I remember asking him once, “Why do you still do this every day?”

He chuckled, shrugged, and said:

“Because it’s what I have to do.”

That answer floored me. It wasn’t about passion, pride, or even survival—it was about presence, about acceptance, about doing what needs to be done.

So whenever I feel stuck, I look at this image and think:
Tomás is out there, with his axe, under the scorching sun, cutting through acres of thorns.
Suddenly, my to-do list doesn’t feel so impossible.


🎞️ The Portrait Itself — Technical Approach

Photographing Tomás wasn’t just about framing a face. It was about honoring a life.

I chose black and white because in this case, color felt like a distraction. I wanted texture. I wanted to show the wear in his skin, the fibers in his shirt, the fatigue etched deep into the lines of his body.

I used a 50mm prime lens—wide enough to include the landscape, but close enough to feel intimate. The light was soft and cloud-filtered, just enough to wrap him in contrast without harshness.

I positioned the camera just below eye level—not to look down or up at him, but to let his figure and his tool fill the frame with dignity. I didn’t pose him. I didn’t ask him to smile or stand a certain way. I just spoke with him, listened, and observed. And in that silence, he gave me everything.

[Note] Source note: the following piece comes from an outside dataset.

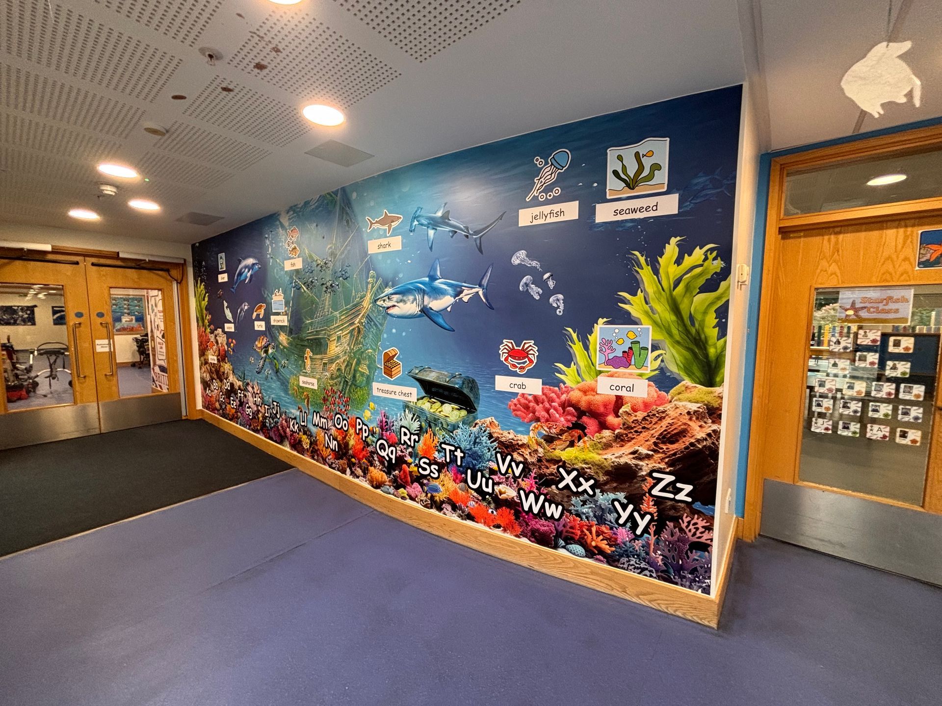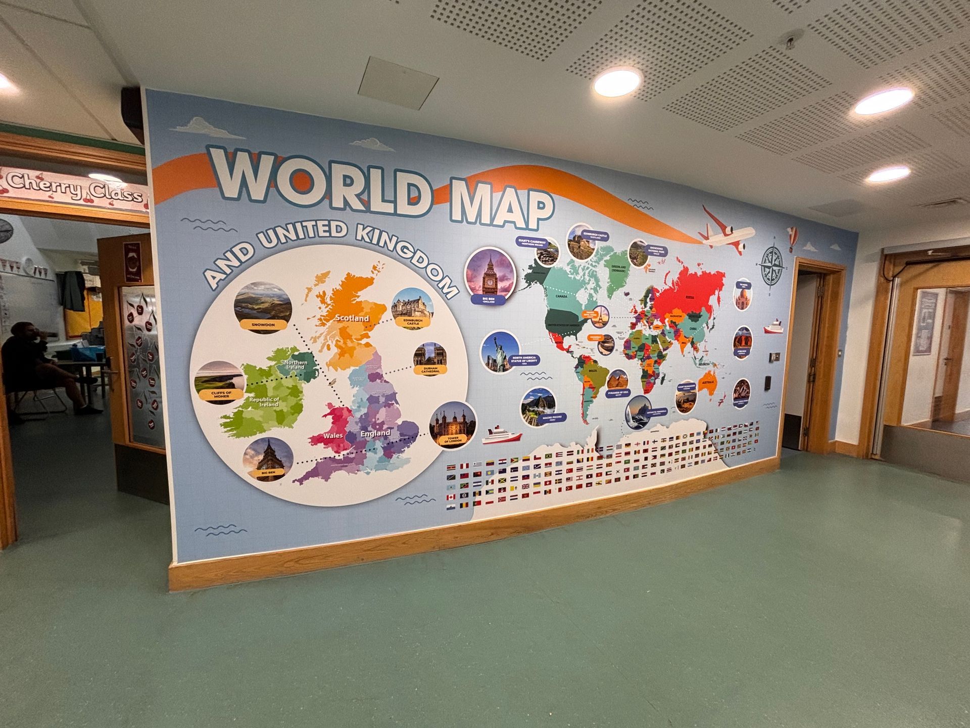 A Closer Look into Boorley Park School The walls of Boorley Park School now display multiple custom-designed wall graphics, which have transformed its corridors and shared areas into vibrant spaces. The educational environment at the school features wall graphics that display learning content, discovery elements, and belonging messages to create daily inspirational spaces for students. The World of Imagination and Learning Creation: The wall features portraits of inspirational thinkers, writers, and creatives alongside their most famous quotes to demonstrate the power of imagination and lifelong learning. The design unites contemporary illustrations with educational elements to transform the area into a celebration of creative expression and reading skills. Educational Influence: The artwork motivates students to explore language and artistic and cultural subjects. The artwork motivates students to understand how their imagination leads to progress through their willingness to take risks and show curiosity. Teachers now use this display to lead classroom discussions about storytelling, creative expression, and student resilience. The Geography of Connection Creation: The entire wall features a large world map, helping students understand the United Kingdom's position in the global context. The continents contain essential landmarks and images that establish connections between classroom geography education and actual exploration.  Educational Influence: The colourful map transforms the stairwell into an interactive learning area for students. Students use the map to explore global geography by finding cities and following routes, while understanding how different places and cultures connect.

Because the best portraits are not taken. They’re shared.


🌍 Why I Found Him

Moments like this don’t happen in a studio. They happen out there—on the road, off the map, under the open sky.

That’s part of what Moon Nomads is about. It’s not just about learning to take better photos. It’s about learning to notice. To feel. To walk into spaces where real stories live. We don’t chase perfect images—we walk toward meaning. And sometimes, when the timing is right and the light is kind, the world gives you a frame like this one.


💬 Final Thought

If you’re feeling overwhelmed, come back to Tomás.

Remember the simplicity of his answer. The weight of his days. The clarity of his action. And then, whatever it is you’ve been avoiding—pick it up again. Your camera, your project, your purpose.

There’s still beauty and resilience out there.
You just have to go out and meet it.